━━ RECORDS TO USE

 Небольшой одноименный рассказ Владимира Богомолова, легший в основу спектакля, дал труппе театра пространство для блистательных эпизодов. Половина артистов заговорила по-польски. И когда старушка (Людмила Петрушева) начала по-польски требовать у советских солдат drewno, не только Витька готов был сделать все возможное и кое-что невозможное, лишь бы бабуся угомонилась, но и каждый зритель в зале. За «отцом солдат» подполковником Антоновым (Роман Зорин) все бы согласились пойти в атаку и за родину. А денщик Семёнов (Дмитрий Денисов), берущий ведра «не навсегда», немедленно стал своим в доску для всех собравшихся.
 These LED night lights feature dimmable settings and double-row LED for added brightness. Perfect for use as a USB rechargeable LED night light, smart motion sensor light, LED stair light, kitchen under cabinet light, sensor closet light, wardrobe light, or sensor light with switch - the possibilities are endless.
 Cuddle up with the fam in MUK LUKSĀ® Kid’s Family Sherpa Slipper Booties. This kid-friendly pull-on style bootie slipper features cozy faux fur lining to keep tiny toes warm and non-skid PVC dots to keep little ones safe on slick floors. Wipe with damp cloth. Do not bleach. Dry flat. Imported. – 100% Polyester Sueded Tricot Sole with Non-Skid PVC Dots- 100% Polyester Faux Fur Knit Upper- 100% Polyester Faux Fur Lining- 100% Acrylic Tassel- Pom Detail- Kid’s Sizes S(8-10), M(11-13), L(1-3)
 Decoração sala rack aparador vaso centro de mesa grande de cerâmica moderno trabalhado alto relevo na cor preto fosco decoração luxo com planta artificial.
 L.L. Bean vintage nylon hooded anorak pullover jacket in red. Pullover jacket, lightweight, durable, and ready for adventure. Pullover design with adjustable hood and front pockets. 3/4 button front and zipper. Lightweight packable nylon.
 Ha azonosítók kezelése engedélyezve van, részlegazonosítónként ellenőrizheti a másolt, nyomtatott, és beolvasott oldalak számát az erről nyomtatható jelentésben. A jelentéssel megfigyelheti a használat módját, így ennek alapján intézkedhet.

━━━━
━━ RECORDS TO USE

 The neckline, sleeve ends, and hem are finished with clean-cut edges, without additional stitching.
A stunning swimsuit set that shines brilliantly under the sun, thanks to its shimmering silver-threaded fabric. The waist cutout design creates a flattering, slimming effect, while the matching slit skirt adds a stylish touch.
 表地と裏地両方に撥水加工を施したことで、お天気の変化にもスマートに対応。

━━━━
━━ RECORDS TO USE

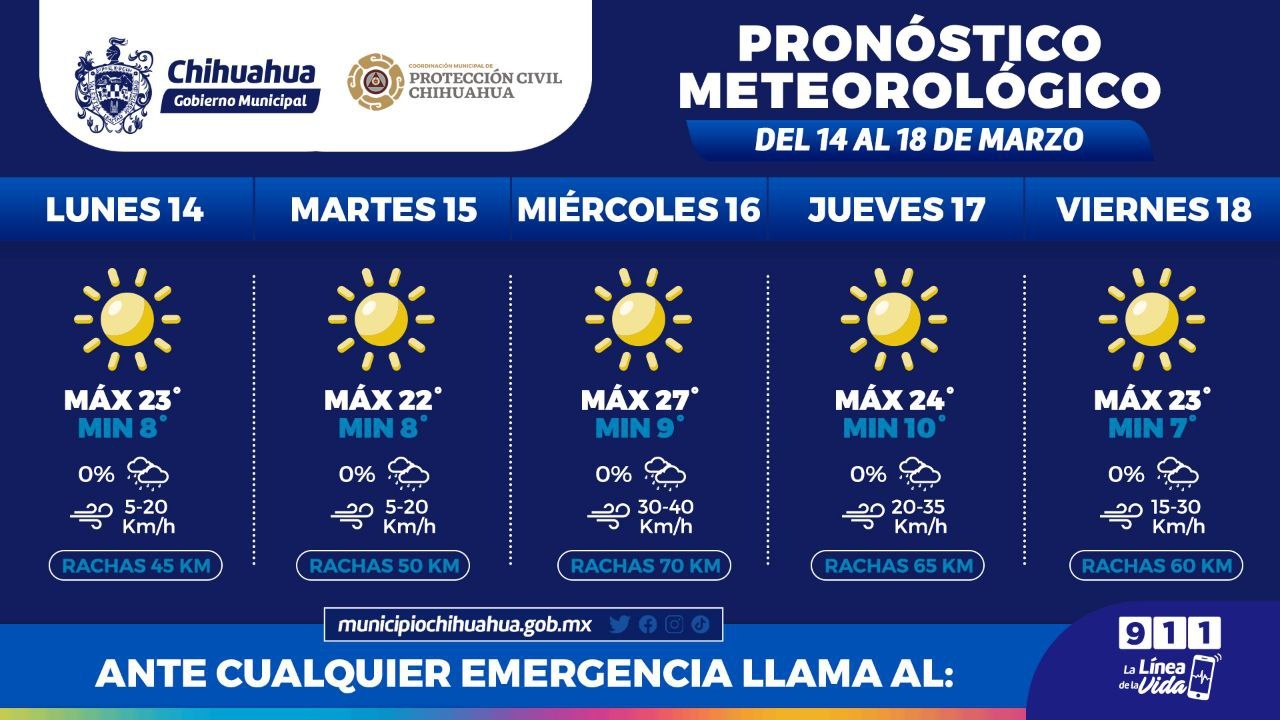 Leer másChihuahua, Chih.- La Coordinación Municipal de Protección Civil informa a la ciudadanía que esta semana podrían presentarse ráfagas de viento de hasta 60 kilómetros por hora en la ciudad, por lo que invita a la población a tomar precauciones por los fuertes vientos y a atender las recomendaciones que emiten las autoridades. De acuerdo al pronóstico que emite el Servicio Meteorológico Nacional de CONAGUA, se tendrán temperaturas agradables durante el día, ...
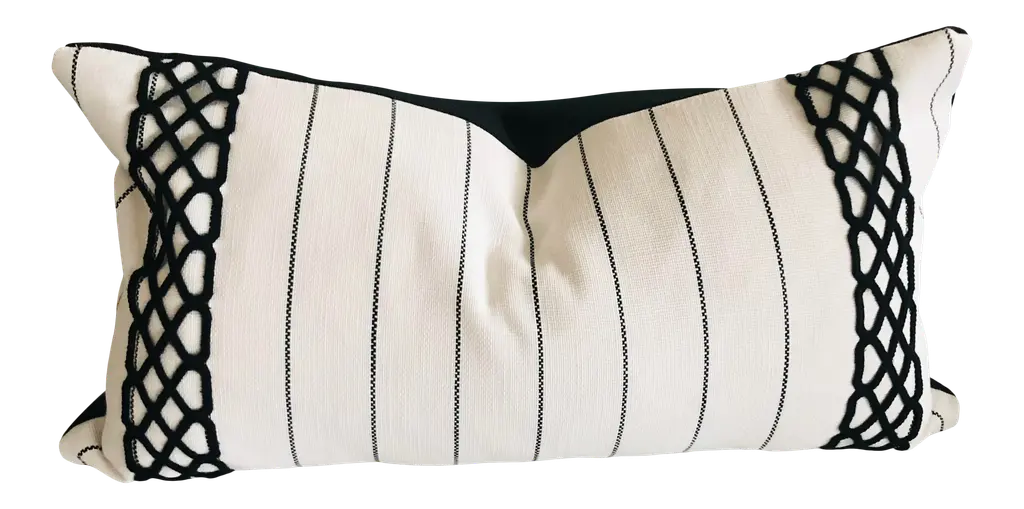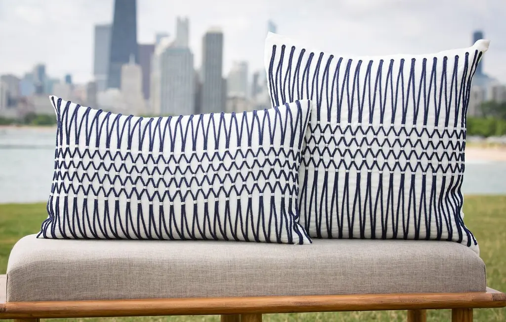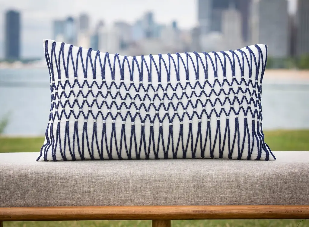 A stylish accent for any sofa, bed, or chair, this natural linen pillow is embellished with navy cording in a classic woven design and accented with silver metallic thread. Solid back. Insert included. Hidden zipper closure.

━━━━

### GOAL OF THE EXERCISE
After locating the line with "A stunning swimsuit" above, return that line and every later line through the one with "表地と裏地両方に撥水加工を施したことで、お天気の変化にもスマートに対応。", word for word and with nothing else.

### SOLUTION FOR THIS EXERCISE
A stunning swimsuit set that shines brilliantly under the sun, thanks to its shimmering silver-threaded fabric. The waist cutout design creates a flattering, slimming effect, while the matching slit skirt adds a stylish touch.
 表地と裏地両方に撥水加工を施したことで、お天気の変化にもスマートに対応。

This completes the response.